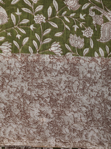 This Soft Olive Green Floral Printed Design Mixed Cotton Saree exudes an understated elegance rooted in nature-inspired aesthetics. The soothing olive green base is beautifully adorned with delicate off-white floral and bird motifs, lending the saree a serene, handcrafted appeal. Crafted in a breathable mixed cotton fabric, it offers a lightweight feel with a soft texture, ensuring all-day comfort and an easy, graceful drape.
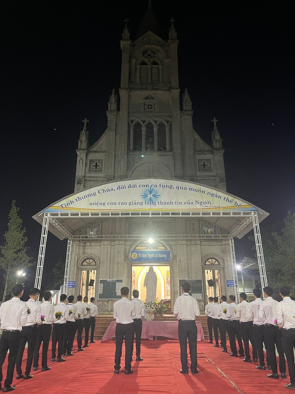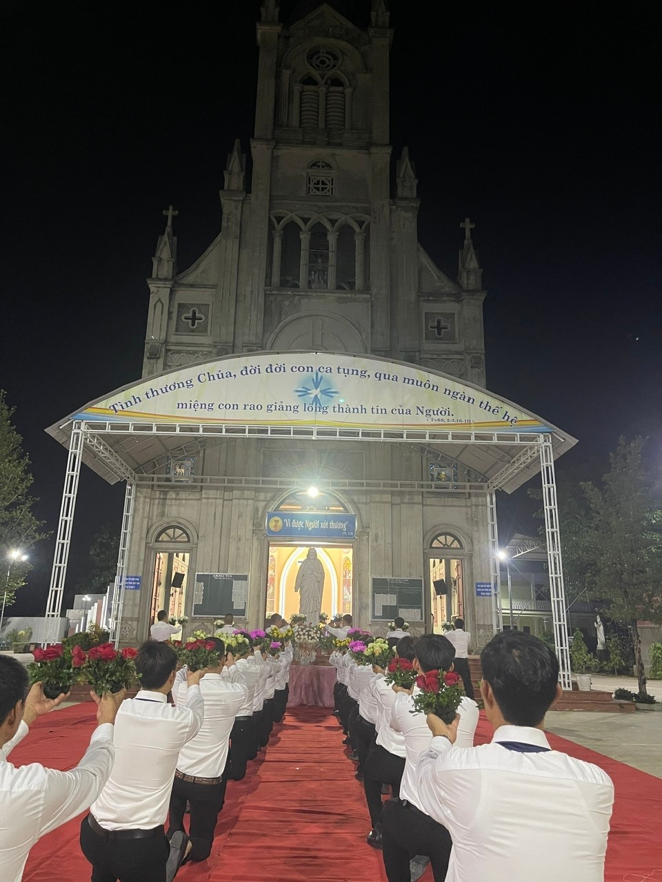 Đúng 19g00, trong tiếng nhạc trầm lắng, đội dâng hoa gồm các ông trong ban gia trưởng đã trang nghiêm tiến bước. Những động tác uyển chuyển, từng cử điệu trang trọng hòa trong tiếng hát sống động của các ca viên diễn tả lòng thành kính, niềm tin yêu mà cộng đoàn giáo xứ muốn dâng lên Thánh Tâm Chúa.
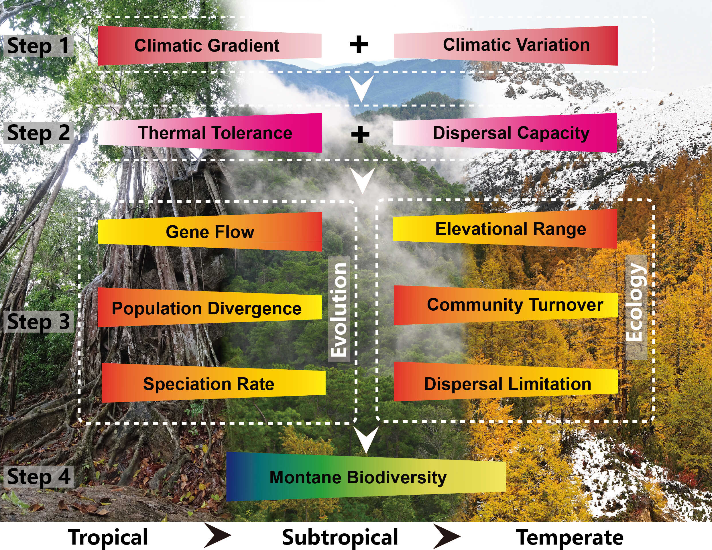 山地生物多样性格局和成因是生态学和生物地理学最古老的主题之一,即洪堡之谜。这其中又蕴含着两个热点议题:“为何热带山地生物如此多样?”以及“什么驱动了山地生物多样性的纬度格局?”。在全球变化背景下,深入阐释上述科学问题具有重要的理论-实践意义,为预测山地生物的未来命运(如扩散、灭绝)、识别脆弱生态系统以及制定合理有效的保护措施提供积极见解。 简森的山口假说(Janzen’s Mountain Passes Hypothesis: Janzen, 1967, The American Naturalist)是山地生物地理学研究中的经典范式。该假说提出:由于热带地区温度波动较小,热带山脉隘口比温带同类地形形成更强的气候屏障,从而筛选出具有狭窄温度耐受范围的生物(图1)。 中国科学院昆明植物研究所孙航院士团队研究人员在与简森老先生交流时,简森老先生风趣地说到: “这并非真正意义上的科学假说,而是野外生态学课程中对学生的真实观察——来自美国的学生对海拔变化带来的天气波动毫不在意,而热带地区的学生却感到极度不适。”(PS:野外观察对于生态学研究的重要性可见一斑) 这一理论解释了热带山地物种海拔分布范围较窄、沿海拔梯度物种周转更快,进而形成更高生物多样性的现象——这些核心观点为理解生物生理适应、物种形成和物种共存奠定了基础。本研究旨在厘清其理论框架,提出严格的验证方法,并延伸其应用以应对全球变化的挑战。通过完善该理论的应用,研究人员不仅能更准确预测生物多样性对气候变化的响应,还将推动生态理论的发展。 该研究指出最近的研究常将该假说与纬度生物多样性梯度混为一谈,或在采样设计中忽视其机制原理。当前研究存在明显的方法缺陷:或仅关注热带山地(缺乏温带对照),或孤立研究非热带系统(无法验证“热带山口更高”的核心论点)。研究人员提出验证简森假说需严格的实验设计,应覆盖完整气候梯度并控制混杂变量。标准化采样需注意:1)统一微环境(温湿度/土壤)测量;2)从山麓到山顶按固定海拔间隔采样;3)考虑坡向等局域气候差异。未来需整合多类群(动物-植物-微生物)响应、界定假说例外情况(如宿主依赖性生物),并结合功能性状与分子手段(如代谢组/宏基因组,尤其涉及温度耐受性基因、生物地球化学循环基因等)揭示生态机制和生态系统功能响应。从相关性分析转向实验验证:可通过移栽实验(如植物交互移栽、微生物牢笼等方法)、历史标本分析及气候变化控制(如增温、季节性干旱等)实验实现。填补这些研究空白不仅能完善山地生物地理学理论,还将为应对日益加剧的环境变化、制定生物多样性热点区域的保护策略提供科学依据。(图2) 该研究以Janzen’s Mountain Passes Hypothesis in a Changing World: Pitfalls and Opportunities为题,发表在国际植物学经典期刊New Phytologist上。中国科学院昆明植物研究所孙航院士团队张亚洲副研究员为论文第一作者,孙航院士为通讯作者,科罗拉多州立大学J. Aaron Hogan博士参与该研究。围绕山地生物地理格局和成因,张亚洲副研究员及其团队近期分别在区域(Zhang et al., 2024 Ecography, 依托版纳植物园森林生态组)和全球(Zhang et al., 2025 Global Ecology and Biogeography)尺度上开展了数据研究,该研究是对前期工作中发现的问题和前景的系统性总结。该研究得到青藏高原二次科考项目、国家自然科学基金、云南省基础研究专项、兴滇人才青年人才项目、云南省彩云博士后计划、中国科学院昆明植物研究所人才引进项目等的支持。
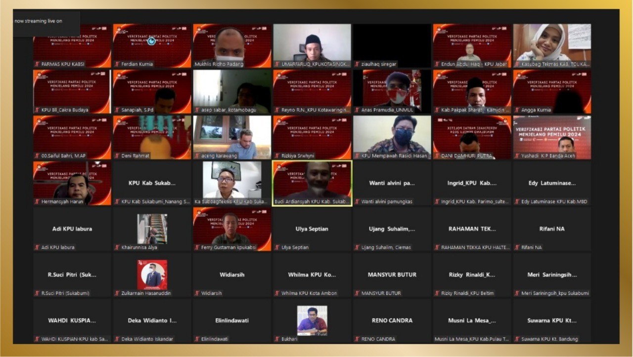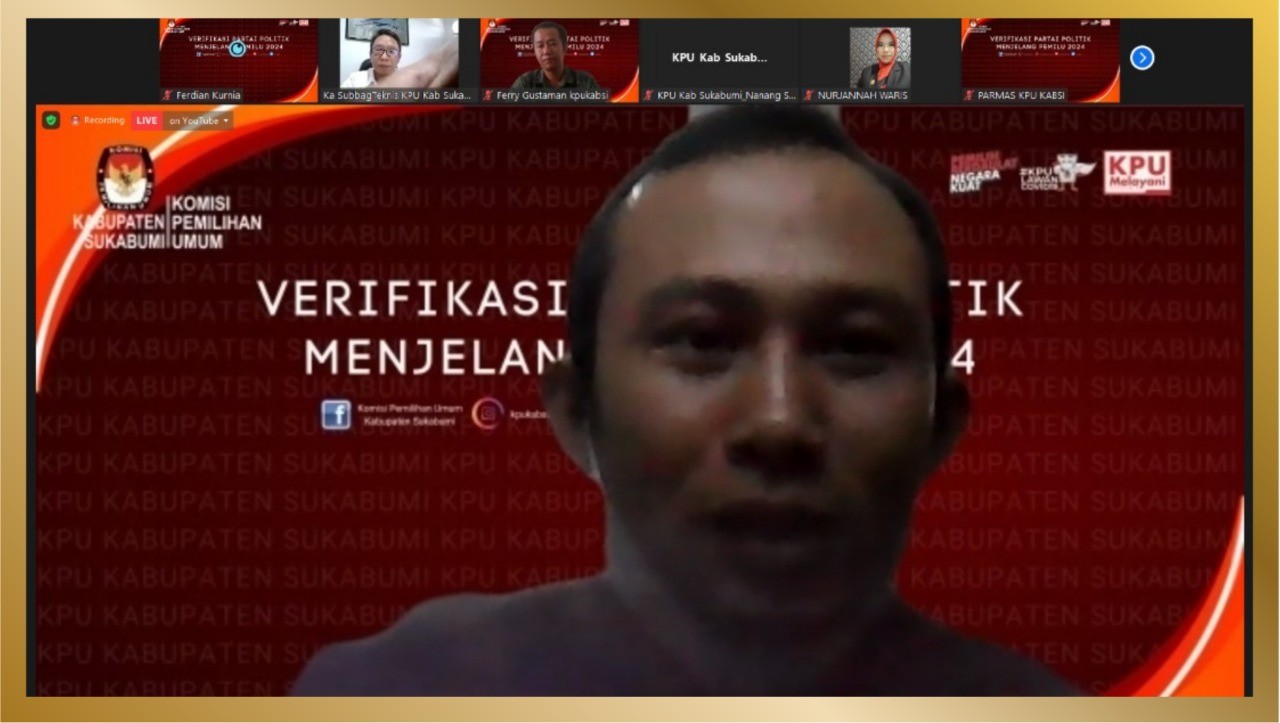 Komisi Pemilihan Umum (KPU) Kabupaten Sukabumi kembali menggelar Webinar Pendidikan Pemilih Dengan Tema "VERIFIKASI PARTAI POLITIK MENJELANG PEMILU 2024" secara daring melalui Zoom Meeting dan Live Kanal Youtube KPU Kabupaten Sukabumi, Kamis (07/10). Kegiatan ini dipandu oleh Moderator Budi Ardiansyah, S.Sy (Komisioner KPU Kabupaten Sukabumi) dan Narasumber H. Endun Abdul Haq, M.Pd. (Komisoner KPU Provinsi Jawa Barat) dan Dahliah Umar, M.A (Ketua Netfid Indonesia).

◆ Problem description
Restate exactly, please, only the lines between the start of the data and the line containing "Đúng 19g00, trong", both ends included, skipping the pictures.

◆ Result of the exercise
 This Soft Olive Green Floral Printed Design Mixed Cotton Saree exudes an understated elegance rooted in nature-inspired aesthetics. The soothing olive green base is beautifully adorned with delicate off-white floral and bird motifs, lending the saree a serene, handcrafted appeal. Crafted in a breathable mixed cotton fabric, it offers a lightweight feel with a soft texture, ensuring all-day comfort and an easy, graceful drape.
 Đúng 19g00, trong tiếng nhạc trầm lắng, đội dâng hoa gồm các ông trong ban gia trưởng đã trang nghiêm tiến bước. Những động tác uyển chuyển, từng cử điệu trang trọng hòa trong tiếng hát sống động của các ca viên diễn tả lòng thành kính, niềm tin yêu mà cộng đoàn giáo xứ muốn dâng lên Thánh Tâm Chúa.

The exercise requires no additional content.